Las jaranas de Guichicovi son variantes locales, o si se quiere, derivaciones directas de las jaranas y requintos jarochos del Sotavento, en las que se conserva la misma construcción y forma de ejecutarse. Musicalmente, sin embargo, esta relación es contrastante, el repertorio de sones mixes de jarana, todo un complejo musical aparte, es diferente al de sones jarochos. Con excepción del son mixe Cielito Lindo y su correspondencia directa con el El Butaquito jarocho, la influencia sotaventina no resulta evidente en una parte importante del repertorio de Guichicovi. Posiblemente sea fácil rastrear la influencia de otras etnias indígenas (principalmente zapotecas) que confluyen en esa parte del istmo. Sin embargo, en los sones en modo menor, Virginia que sí y Son fandango, que interpretan Los Jaraneros del Ocotal sí es posible identificar muchos elementos musicales característicos de los sones jarochos.

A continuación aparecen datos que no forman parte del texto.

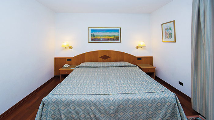 Le camere Standard (16-18 mq - occupazione massima 3 adulti) dispongono di servizi privati con doccia, asciugacapelli, aria condizionata, telefono, TV-Sat, minibar, cassaforte, connessione Wi-Fi (gratuita). Disponibili camere singole (con letto alla francese). Per soggiorni dal 06/01/2026 disponibilità di camere Superior (con supplemento).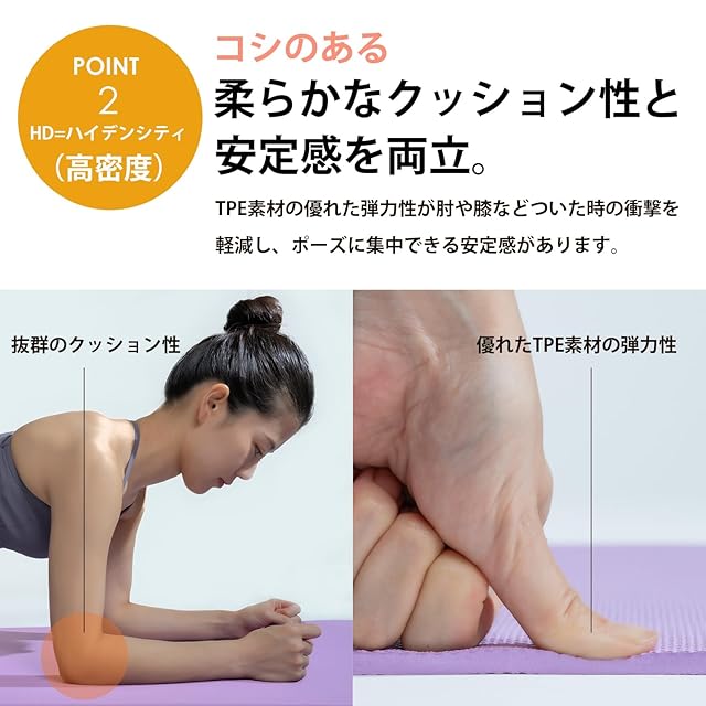 【エコロジー派にうれしい「TPE」素材を使用】使用されるフォームは、発泡率にもこだわった高密度なsuria(スリア)オリジナル。 従来のTPE使用マットにはない、コシのあるしっかりとしたクッション性。

La música indígena de cuerdas de Guichicovi es sin duda, como escribe Tomás García Hernández en las notas del CD, “una isla cultural en las márgenes de la región sotaventina”. Resulta no solamente interesante, sino graficicante conocer este trabajo y esta música. Jaraneros de Guichicovi, un CD por demás recomendable.

Notas
(1) Los pueblos indígenas de Oaxaca, Atlas Etnográfico, 2004. Barabas, Bartolomé y Maldonado. INAH, FCE, México.
(2) La Banda Mixe de Oaxaca, Premio Nacional de Ciencias y Artes en el campo de Artes y Tradiciones Populares, 2000.
(3) Centro de Capacitación Musical y Desarrollo de la Cultura Mixe (CECAM), enfocado en promover las expresiones culturales y artísticas de los pueblos indígenas de México.

Ejemplos musicales (incluidos en el disco CD) de     cada uno de los tres conjuntos antes mencionados, se pueden escuchar en la Fonoteca.